A ruptured disc is often excruciatingly painful. When a disc herniates, inflammatory chemicals are released that irritate the spinal nerve root. This produces shooting pain down the affected nerve, often down the buttocks and one leg. The protruding portion of the disc can also compresses the nerve root, causing numbness or weakness of a foot, ankle or leg. If the ruptured disc is in the neck, arm and hand numbness or weakness can result.

Although the symptoms can be alarming, the vast majority of herniated discs heal within one to six weeks. If there is no weakness, patients can even wait 12 weeks or longer for the disc to heal. A small percentage of herniations do not heal on their own and require surgery. If a disc herniation causes bladder or bowel incontinence and numbness in the inner thighs, it is called cauda equina syndrome and considered a medical emergency. Emergency surgery is usually required to prevent permanent incontinence.
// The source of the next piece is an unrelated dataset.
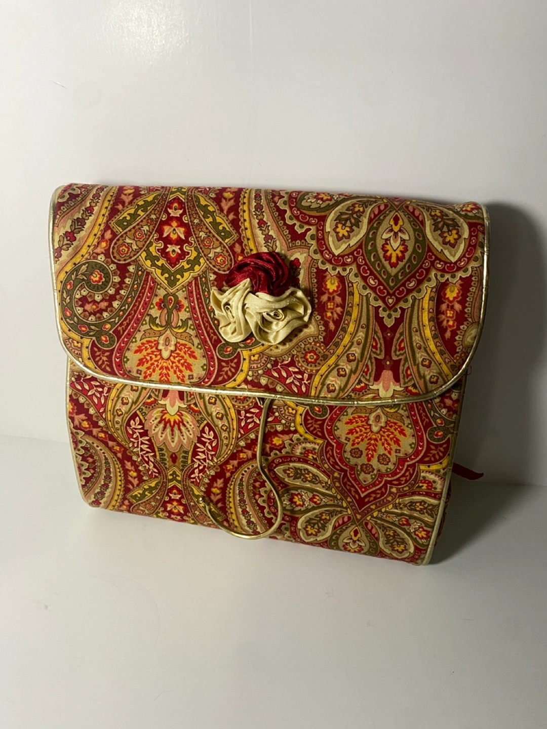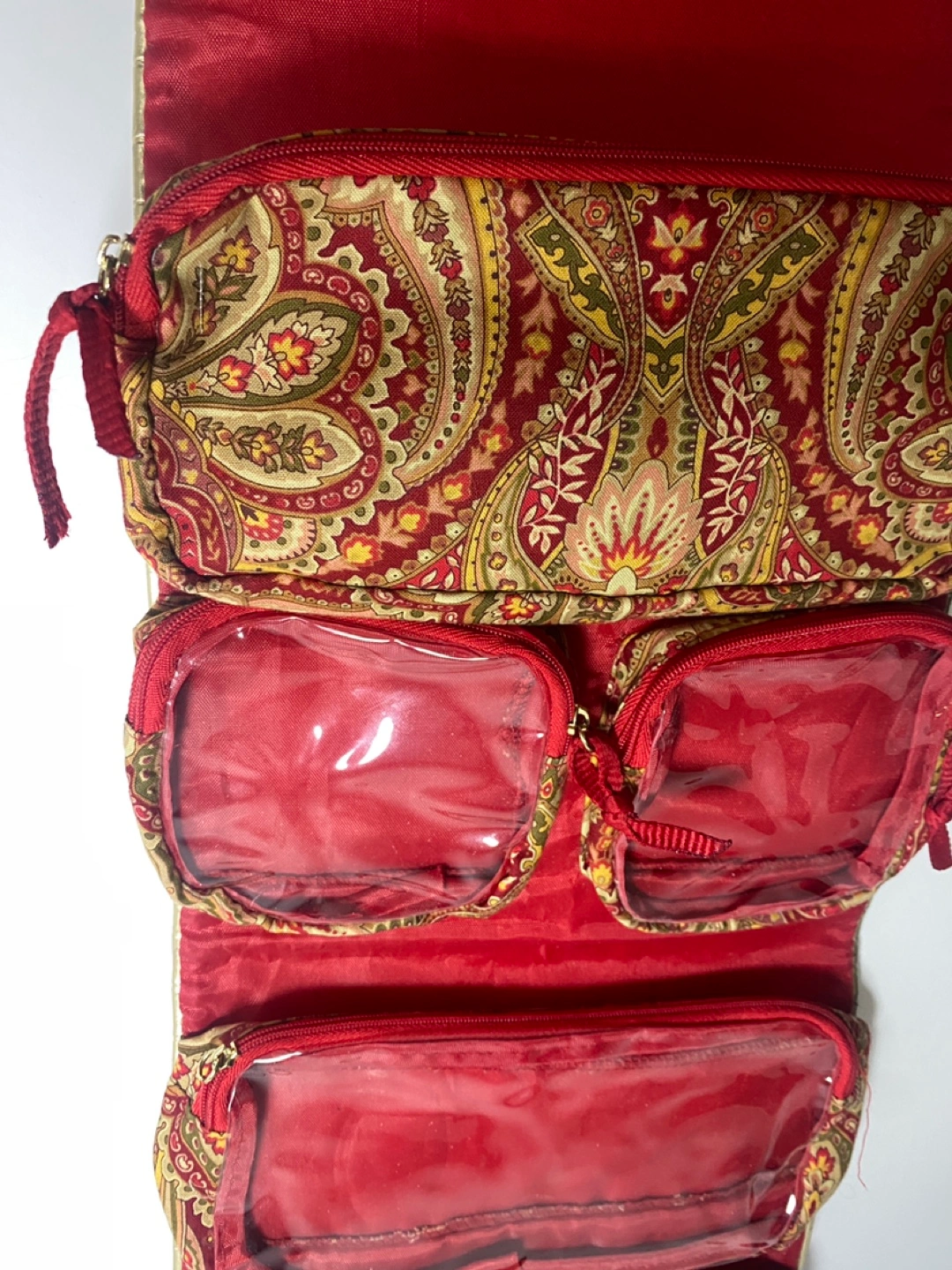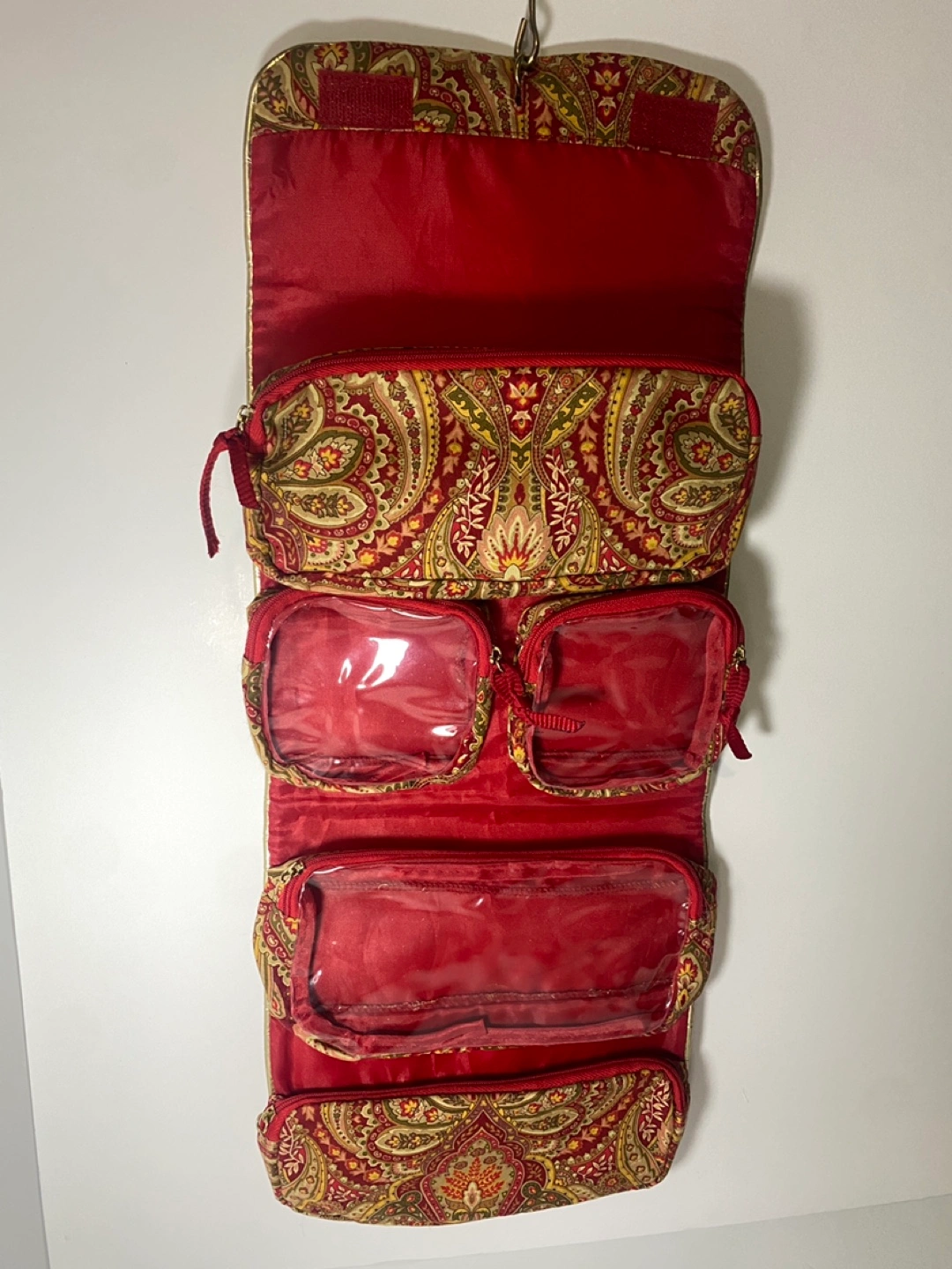 Roll-up travel cosmetic and/or jewelry bag. Red paisley print. Multiple zippered compartments. Gold metal hanger hook. Velcro closure. Great for travel! Pickup on Astoria Blvd South

The majority of disc herniations are treated conservatively. Patients are told to alternate lying down and walking, while avoiding sitting and standing. They may also receive physical therapy and steroid injections into the nerve root to alleviate pain.

Surgery can be effective, but it is a last resort. The gold standard is a microdiscectomy, which can be either an open procedure or a minimally-invasive laparascopic operation. In a microdiscectomy, a portion of the disc nucleus is removed, relieving pressure on the nerve. Possible long-term complications include pain from scar tissue adhering to the nerve and further disc deterioration from removing part of the nucleus.